Mars Rovers

March 2021

The setup

The rover has four sensors, two at 45° from directly ahead and two perpendicular. The rover moves directly forward at constant velocity, so the challenge is entirely based on steering. The sensor values, SL, SR, SFL, SFR are 0 if the raycast returns no hits, or 1 - distance with distance between 0 and 1.

The final steering direction for the car is determined by the summation of the product of these sensor values and their respective weights, which are learned through generations.


Training

The cars were trained such that on each iteration, the newest batch would inherit sensor weights from the most successful (longest surviving) car and randomly adjust them by a factor inversely proportional to the success of the parent. This increases the efficiency of the gradient descent.
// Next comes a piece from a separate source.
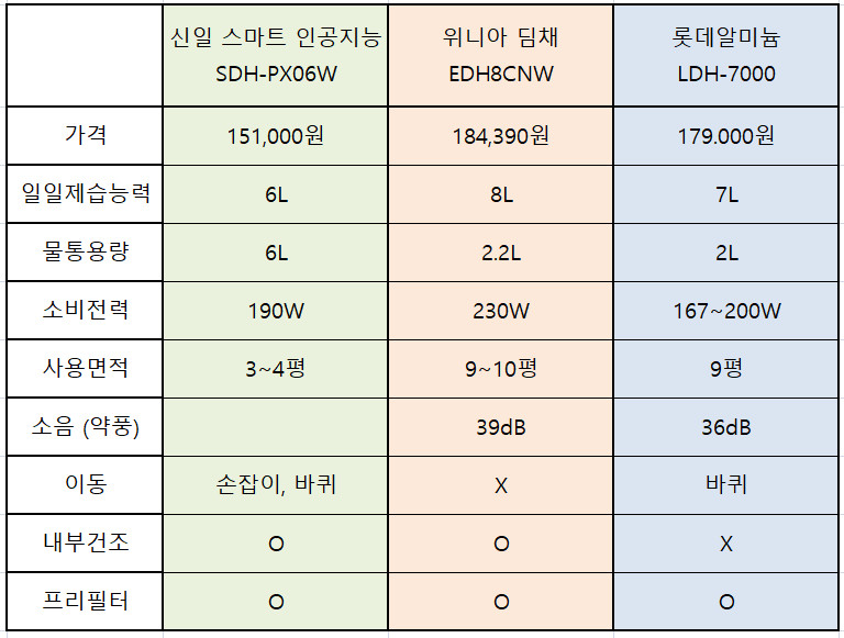 가격, 소비전력, 제습능력은 항상 비례합니다.

Displaying the most successful car every third iteration:


Showing all offspring cars on each iteration:


Over generations, the weights all seemed to converge to a push away from the wall on narrow tracks. However on wider tracks, interestingly the left and right sensor weights somewhat inverted, but the front left and front right sensor weights stayed similar. This lead to a sort of wall-hugging strategy.


Application

As proof that this is applicable to the real world, I used the trained narrow-track sensor weights on a Lego car. The sensor distances all needed to be scaled such that they mapped onto the simulation units, and I introduced some new logic to account for the moving sensor on the car. However, the weights worked well.